Recorded information:

————

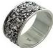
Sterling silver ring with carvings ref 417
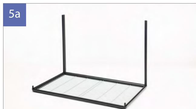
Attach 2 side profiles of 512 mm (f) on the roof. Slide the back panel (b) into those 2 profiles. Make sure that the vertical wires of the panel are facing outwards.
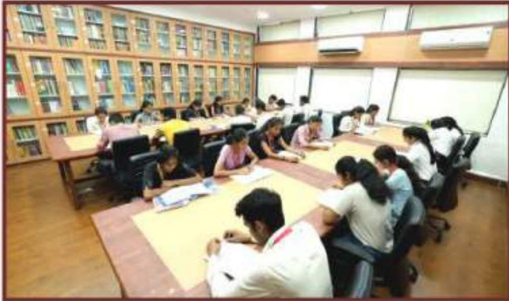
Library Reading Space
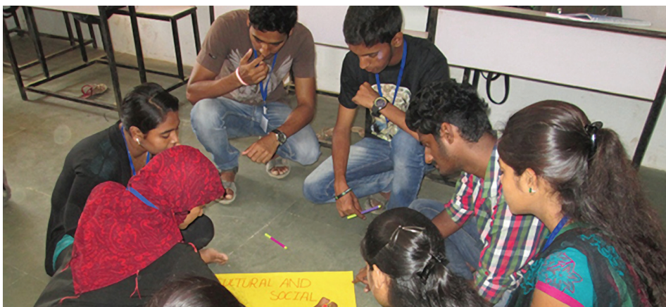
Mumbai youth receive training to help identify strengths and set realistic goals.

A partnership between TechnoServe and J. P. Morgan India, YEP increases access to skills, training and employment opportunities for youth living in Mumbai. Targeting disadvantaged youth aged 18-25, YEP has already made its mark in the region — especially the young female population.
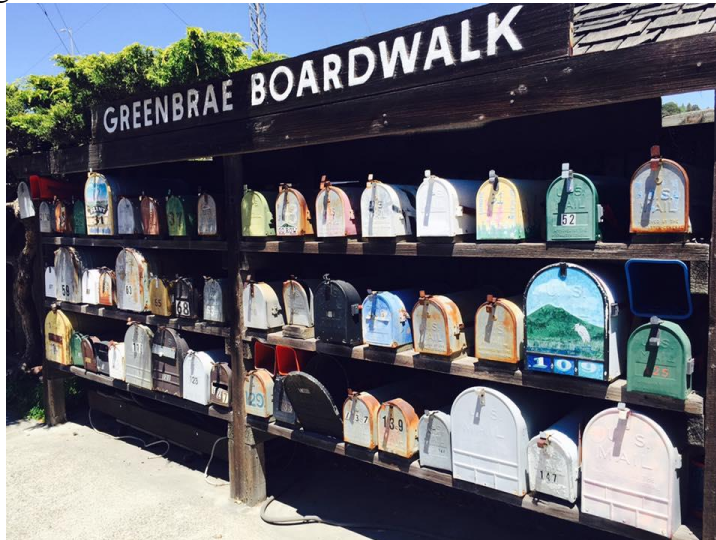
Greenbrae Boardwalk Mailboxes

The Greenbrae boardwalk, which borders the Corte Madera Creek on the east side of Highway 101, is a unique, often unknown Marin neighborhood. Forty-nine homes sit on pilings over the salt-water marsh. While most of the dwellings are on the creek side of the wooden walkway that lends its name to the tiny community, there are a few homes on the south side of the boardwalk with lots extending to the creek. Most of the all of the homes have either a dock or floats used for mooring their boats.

————

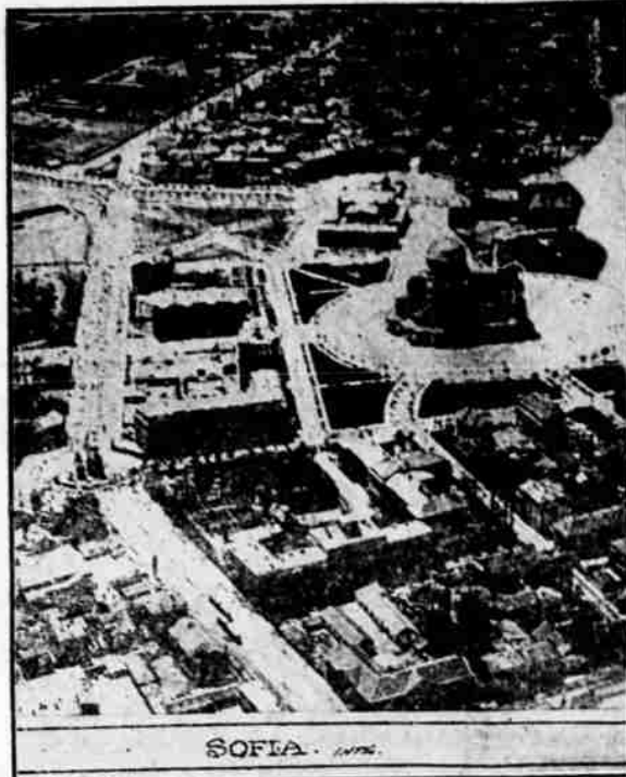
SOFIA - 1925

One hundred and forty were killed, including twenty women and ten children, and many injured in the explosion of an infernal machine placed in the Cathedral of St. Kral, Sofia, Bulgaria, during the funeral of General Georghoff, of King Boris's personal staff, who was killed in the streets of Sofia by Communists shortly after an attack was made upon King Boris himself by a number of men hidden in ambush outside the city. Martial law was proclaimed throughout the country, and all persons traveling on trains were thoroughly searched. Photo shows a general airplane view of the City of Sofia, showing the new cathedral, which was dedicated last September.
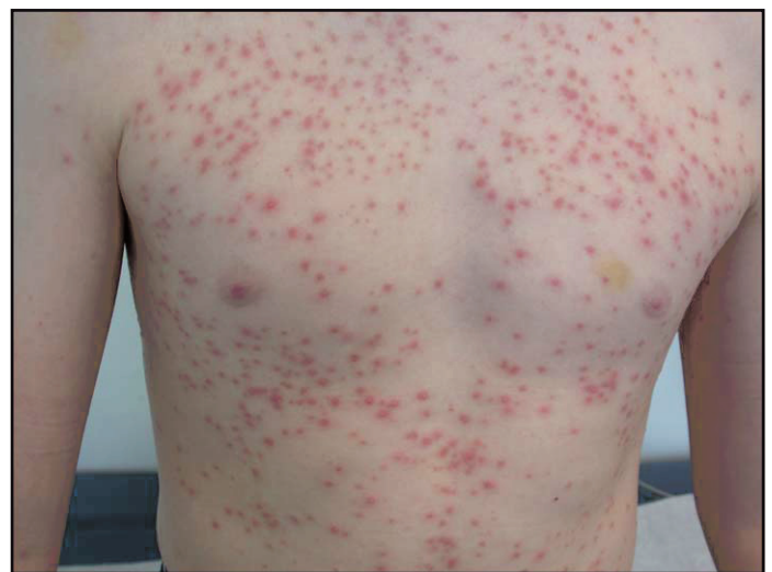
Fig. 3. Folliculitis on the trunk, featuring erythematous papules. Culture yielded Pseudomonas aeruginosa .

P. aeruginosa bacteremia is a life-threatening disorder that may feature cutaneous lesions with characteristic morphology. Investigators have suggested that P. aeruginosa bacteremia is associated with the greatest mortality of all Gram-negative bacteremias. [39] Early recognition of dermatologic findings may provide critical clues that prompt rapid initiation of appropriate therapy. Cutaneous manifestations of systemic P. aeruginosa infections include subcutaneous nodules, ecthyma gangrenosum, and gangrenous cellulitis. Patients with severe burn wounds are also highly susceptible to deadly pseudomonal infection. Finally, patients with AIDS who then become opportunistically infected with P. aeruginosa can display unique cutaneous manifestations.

————

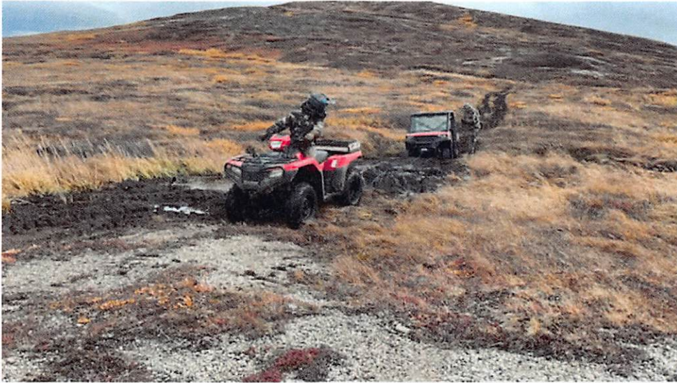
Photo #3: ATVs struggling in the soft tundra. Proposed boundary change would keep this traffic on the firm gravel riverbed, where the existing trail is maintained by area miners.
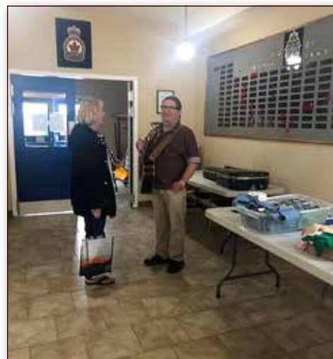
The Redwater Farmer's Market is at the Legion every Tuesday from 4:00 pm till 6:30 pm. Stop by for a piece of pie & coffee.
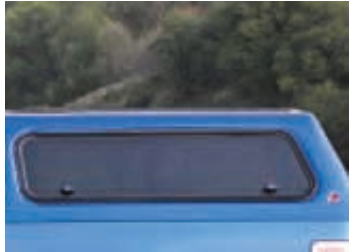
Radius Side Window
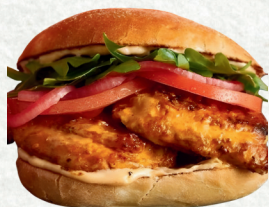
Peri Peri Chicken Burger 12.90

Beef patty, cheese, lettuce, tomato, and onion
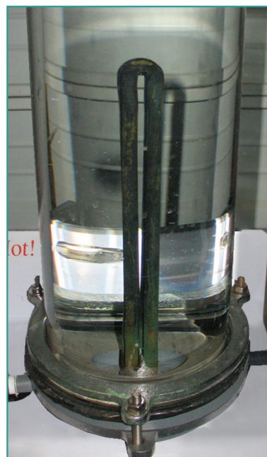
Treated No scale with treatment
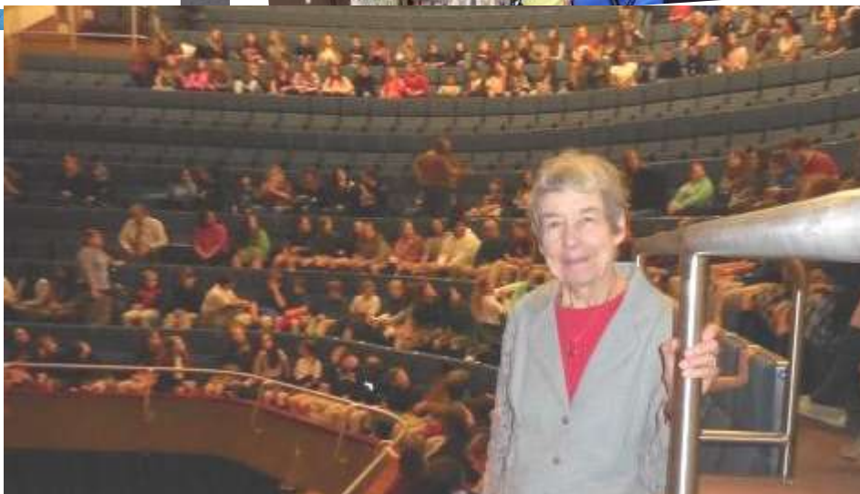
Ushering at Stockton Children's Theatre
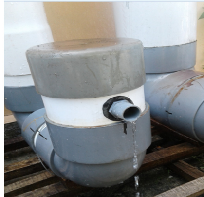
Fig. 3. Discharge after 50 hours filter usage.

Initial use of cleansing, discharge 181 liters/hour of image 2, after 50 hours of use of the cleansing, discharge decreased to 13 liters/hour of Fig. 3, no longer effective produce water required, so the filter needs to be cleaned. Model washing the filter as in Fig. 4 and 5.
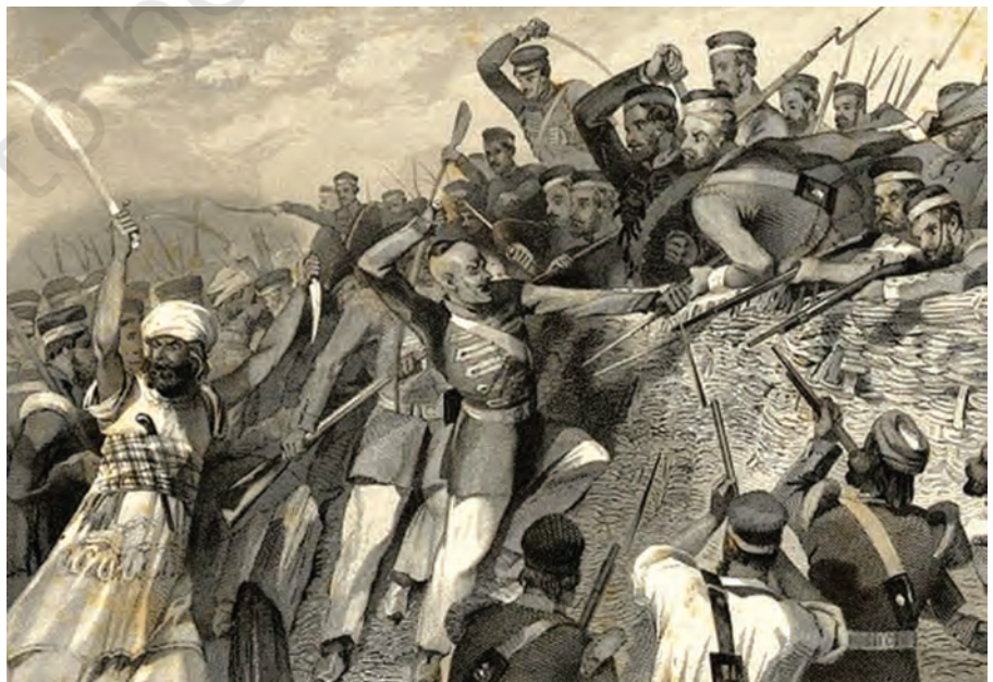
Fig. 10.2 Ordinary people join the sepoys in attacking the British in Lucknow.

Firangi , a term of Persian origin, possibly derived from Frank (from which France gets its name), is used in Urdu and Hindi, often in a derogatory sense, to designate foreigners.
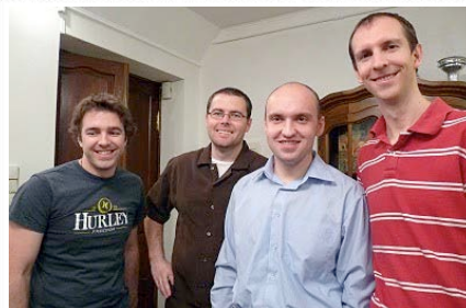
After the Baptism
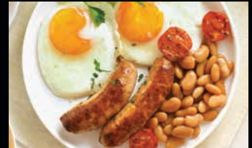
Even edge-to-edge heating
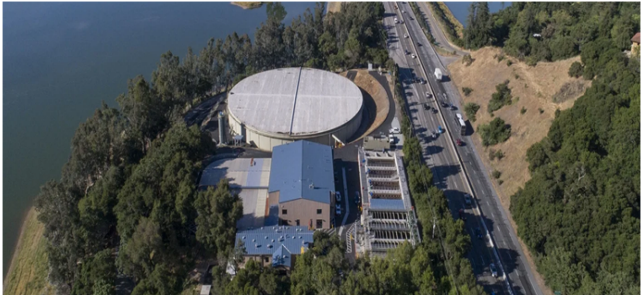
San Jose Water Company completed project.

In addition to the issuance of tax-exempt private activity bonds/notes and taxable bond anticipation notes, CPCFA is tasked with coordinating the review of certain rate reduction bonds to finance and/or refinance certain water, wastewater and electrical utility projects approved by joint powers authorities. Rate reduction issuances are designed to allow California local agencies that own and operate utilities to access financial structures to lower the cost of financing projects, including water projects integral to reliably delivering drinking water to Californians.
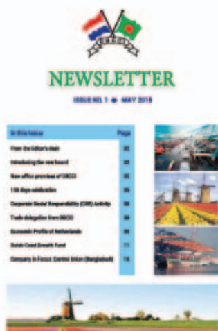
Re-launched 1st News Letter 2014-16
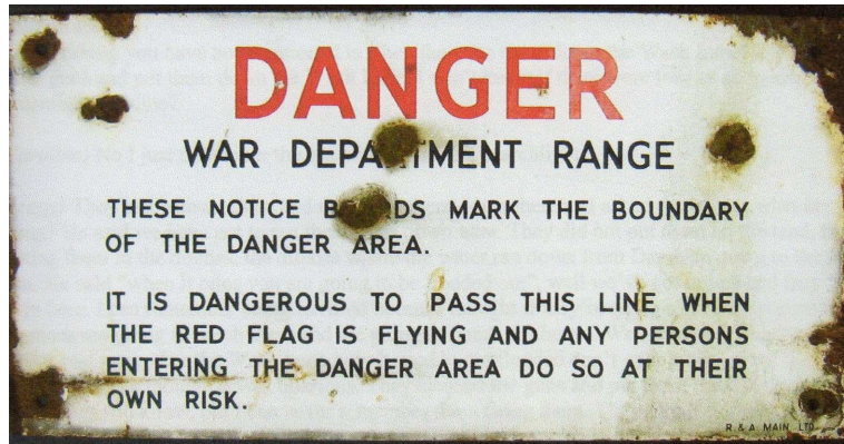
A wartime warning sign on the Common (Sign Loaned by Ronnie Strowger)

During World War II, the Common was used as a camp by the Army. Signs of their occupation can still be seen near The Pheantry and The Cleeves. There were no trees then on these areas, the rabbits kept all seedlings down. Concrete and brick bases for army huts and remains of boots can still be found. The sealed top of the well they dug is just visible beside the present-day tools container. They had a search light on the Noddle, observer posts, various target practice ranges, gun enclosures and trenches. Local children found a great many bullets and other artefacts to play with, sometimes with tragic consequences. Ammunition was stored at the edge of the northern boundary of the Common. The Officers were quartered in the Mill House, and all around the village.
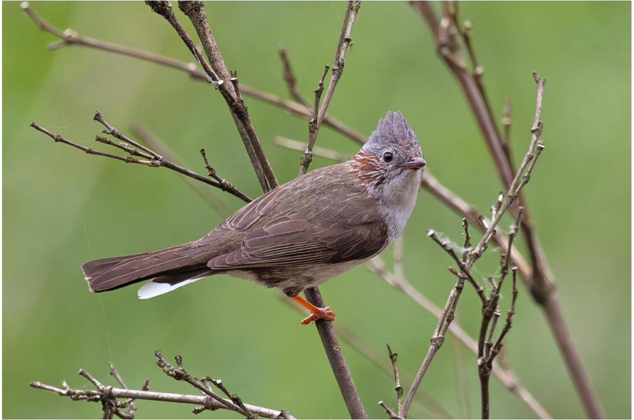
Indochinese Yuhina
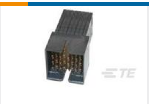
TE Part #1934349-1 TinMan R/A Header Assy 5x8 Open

————

Task objective: Beginning with the line that contains "A wartime warning", write out the lines of the material above exactly, and end with the line that contains "TE Part #1934349-1". Omit the pictures.

Answer box:
A wartime warning sign on the Common (Sign Loaned by Ronnie Strowger)

During World War II, the Common was used as a camp by the Army. Signs of their occupation can still be seen near The Pheantry and The Cleeves. There were no trees then on these areas, the rabbits kept all seedlings down. Concrete and brick bases for army huts and remains of boots can still be found. The sealed top of the well they dug is just visible beside the present-day tools container. They had a search light on the Noddle, observer posts, various target practice ranges, gun enclosures and trenches. Local children found a great many bullets and other artefacts to play with, sometimes with tragic consequences. Ammunition was stored at the edge of the northern boundary of the Common. The Officers were quartered in the Mill House, and all around the village.
Indochinese Yuhina
TE Part #1934349-1 TinMan R/A Header Assy 5x8 Open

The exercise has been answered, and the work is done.